News Published 04 Mar 2021 Last modified 04 Mar 2021
1 min read
Photo: © © Virginia Pasquale, REDISCOVER Nature /EEA
European countries are facing increasing threats from climate change, including extreme weather events and infectious diseases. A new briefing by the Lancet Countdown and the European Environment Agency (EEA), published today on the European Climate and Health Observatory, draws attention to health impacts of climate change in the European Union (EU) and suggests key actions to address them.

The briefing ’Responding to the health risks of climate change in Europe’ highlights key health impacts from climate change as well as opportunities to reduce climate-related health risks through adaptation policies aligned with mitigation actions. The briefing is a joint effort of the Lancet Countdown: Tracking Progress on Health and Climate Change (a global collaboration of academic institutions and international agencies) and the EEA.

Climate change threatens to undermine the past 50 years of gains in global public health through extreme heatwaves, threats to food and water systems, and changing patterns of infectious diseases.
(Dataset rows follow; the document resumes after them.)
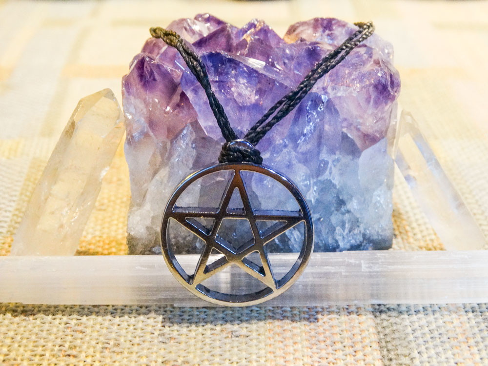 Colar Pentagrama metálico com fio encerado e trançado de tamanho ajustável.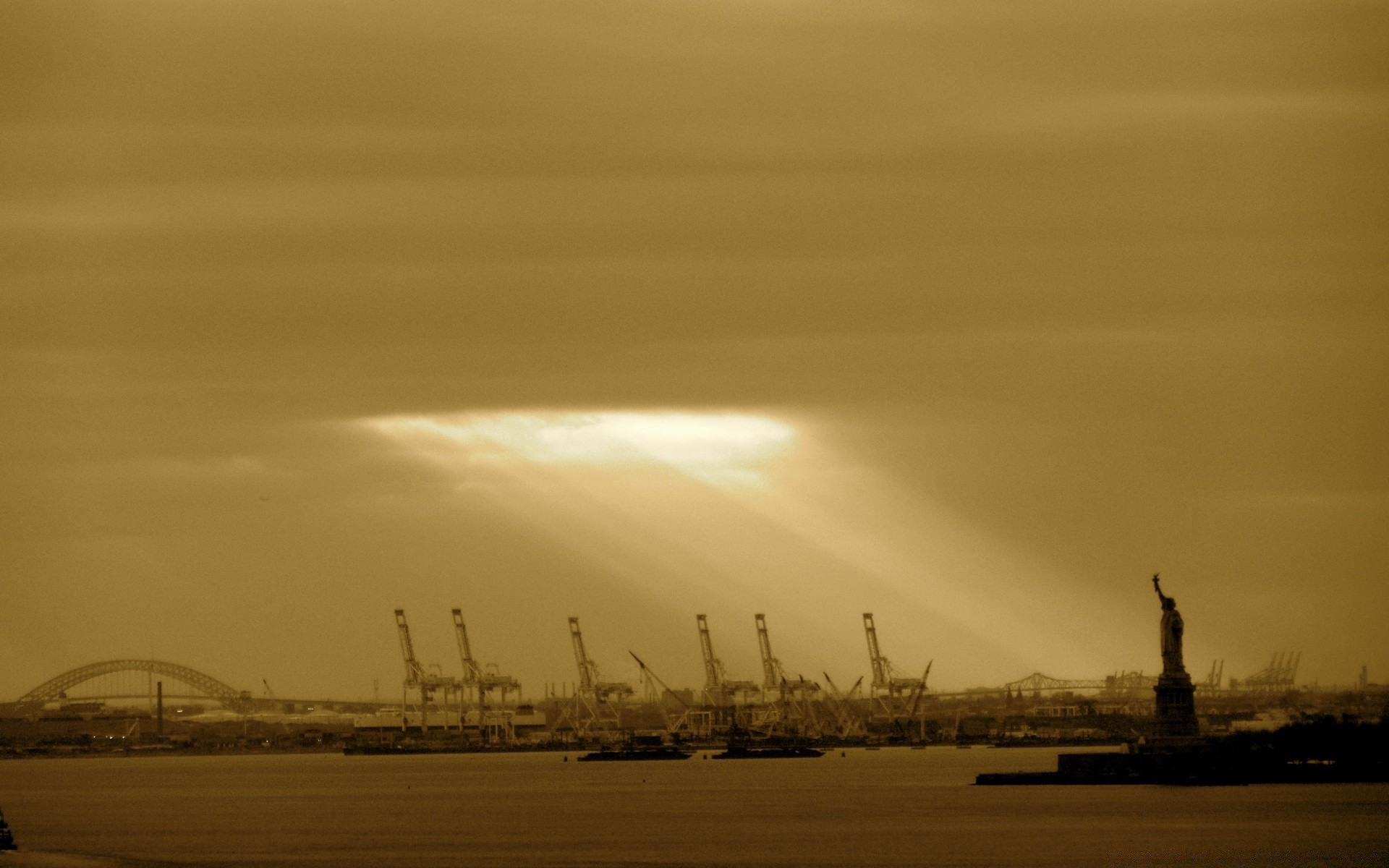 The sun's rays break through the clouds and illuminate the Statue of Liberty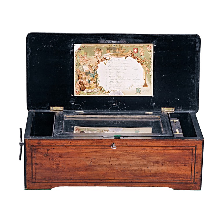 Svájc, 1870 körül, feketére festett és diófa borítású tokban, intarziás díszítéssel, 10 dallamot játszó működő zeneszerkezettel, kulccsal, felújított, 16*47*22 cm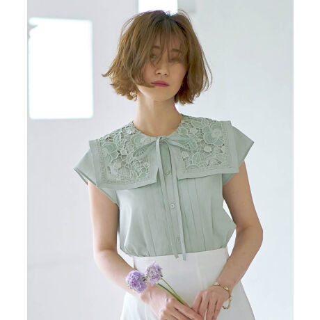 【S〜LL】【洗える】レースセーラカラーフレンチブラウス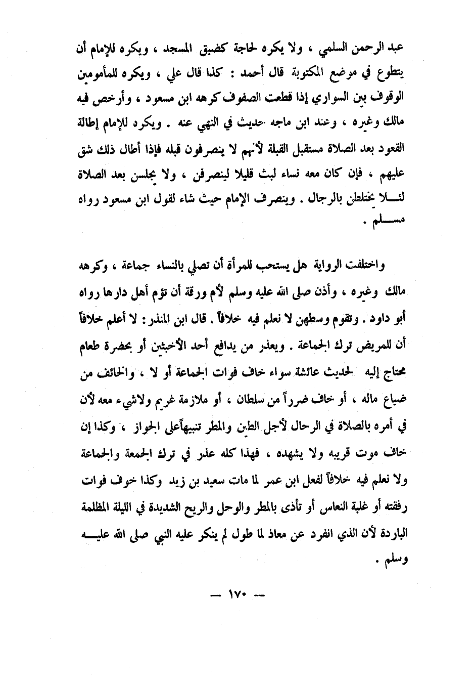 عبد الرحمن السلمي. ولا يكره لحاجة، كضيق المسجد. و"يكره للإمام أن يتطوع في موضع المكتوبة"، قال أحمد: كذا قال علي. ويكره للمأمومين الوقوف بين السواري إذا قطعت الصفوف، "كرهه ابن مسعود"، وأرخص فيه مالك وغيره. وعند ابن ماجة حديث في النهي عنه.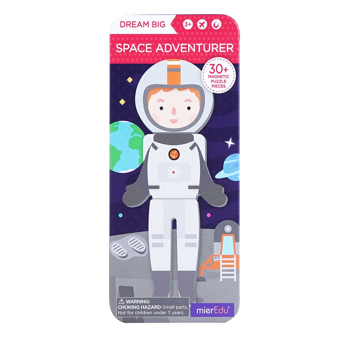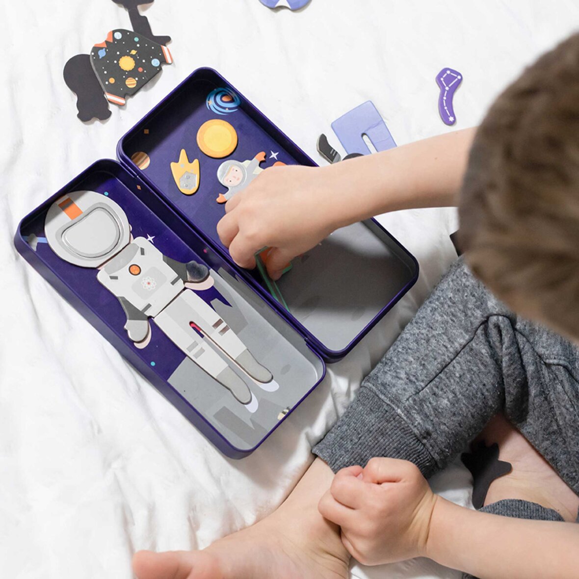 Magnetisk legesæt med astronaut-tema, der giver børn mulighed for at skabe deres egne figurer og fantasifulde historier. Sættet indeholder to baggrunde og over 30 magnetiske brikker, perfekt til kreativ leg derhjemme eller på farten. Legesættet stimulerer fantasi, koncentration, hånd-øje-koordination og finmotorik.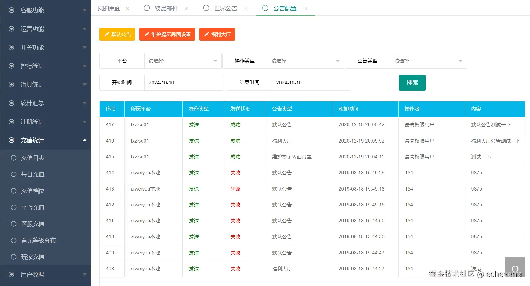 游戏经过一段时间的测试,发现 GM 后台会失效,玩家无法接收到后台邮件,调试了好久也没有解决- -,无奈只能选择充值后台:http://IP:81/cz,直接修改数据库对应账号的元宝和同比数值,只是游戏中的首充就无法完成了,不过到并没有什么大的影响。充值后台界面我进行了优化,有需要的可以找我要哈~

Weather and climate extremes are already leading to fatalities and negative health effects in Europe, the briefing reminds. Moreover, vulnerability to heat extremes continues to increase in Europe, due to a growing urban population, chronic health conditions becoming more common, and an increasing number of old people. At the same time, climate change is making some areas in Europe more suitable for various infectious diseases, including dengue fever, Vibrio infections and West Nile fever.

The briefing notes that, while all EU member states have strategies or plans for adaptation, actions addressing the climate threats to health lag behind and could be supported by more knowledge on effective solutions. Moreover, at the local level, adaptation to climate change remains in the domain of the spatial planning, urban design, or environmental departments, and public health professionals should get more involved.

European Climate and Health Observatory

The briefing is published on the new European Climate and Health Observatory, an online platform that provides easy access to a wide range of resources about climate change and health.

The Observatory is a joint project of the European Commission, the EEA and other contributors, which is hosted on Climate-ADAPT by the EEA. It is the first concrete deliverable of the European Commission’s new EU Strategy on Adaptation to Climate Change. This Strategy, which was announced in the European Green Deal, is a key component in making Europe climate-neutral and climate-resilient by 2050.